The hands of God were bigger than grandpa’s eyes
But still he broke the elastic on your waist
But he’ll never break you, baby
But he’ll never break you, baby
Oh-oh-oh-oh
Oh-oh-oh
Oh-oh-oh-oh
Oh-oh-oh

I’m not saying this isn’t a deeply sad album, because clearly it is, but there’s also so much beauty in the grief, so much vulnerability in the way Hadreas exposes his own traumas. But to leave it there would do disservice to the beauty within each song, to the optimism that leaks through as you make your way through the album. During the 2012 press tour, he said, “I don’t want it to seem like I’ve been through more than other people. Staying healthy can be more depressing and confusing than being fucked up. But I want to make music that’s honest and hopeful.” The sentiments on the album feel like a cousin to Sufjan Stevens’ recent album, Javelin, which was a love letter to a partner who’d just died, and his own personal coming out story.
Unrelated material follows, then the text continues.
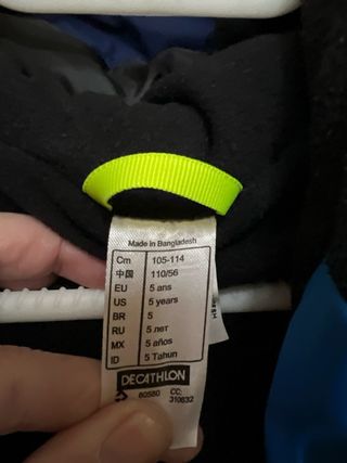 Mono de esquí Quechua para niño, talla 4 años. Ideal para mantener a los más pequeños abrigados y secos en la nieve. - Marca: Quechua. - Talla: 4 años (EUR 4, USA 4). - Fabricado en China. - Etiqueta para nombre.

Put Your Back N 2 It is what hope sounds when a life isn’t cloaked in privilege. This passing of grief from artist to audience is a gift that not everyone wants to receive, but it’s a gift nonetheless, and within it lives a blueprint for how to move forward no matter how many losses stack up. It’s through this passing of wisdom, and within the sharing of pain, that we, too, can feel something bigger than ourselves, feel something for someone else.

The hands of God were bigger than grandpa’s eyes, but he’s long gone
The love you feel is strong
The love you feel is stronger
I will take the dark part of your heart into my heart
I will take the dark part of your heart into my heart

Though it may seem the world has numbed to the pain of others, though it may seem that an overabundance of suffering all around us requires a hardening shell, the very opposite is true. To feel empathy, as Perfume Genius seems to suggest, is to awaken to what’s possible in all of us.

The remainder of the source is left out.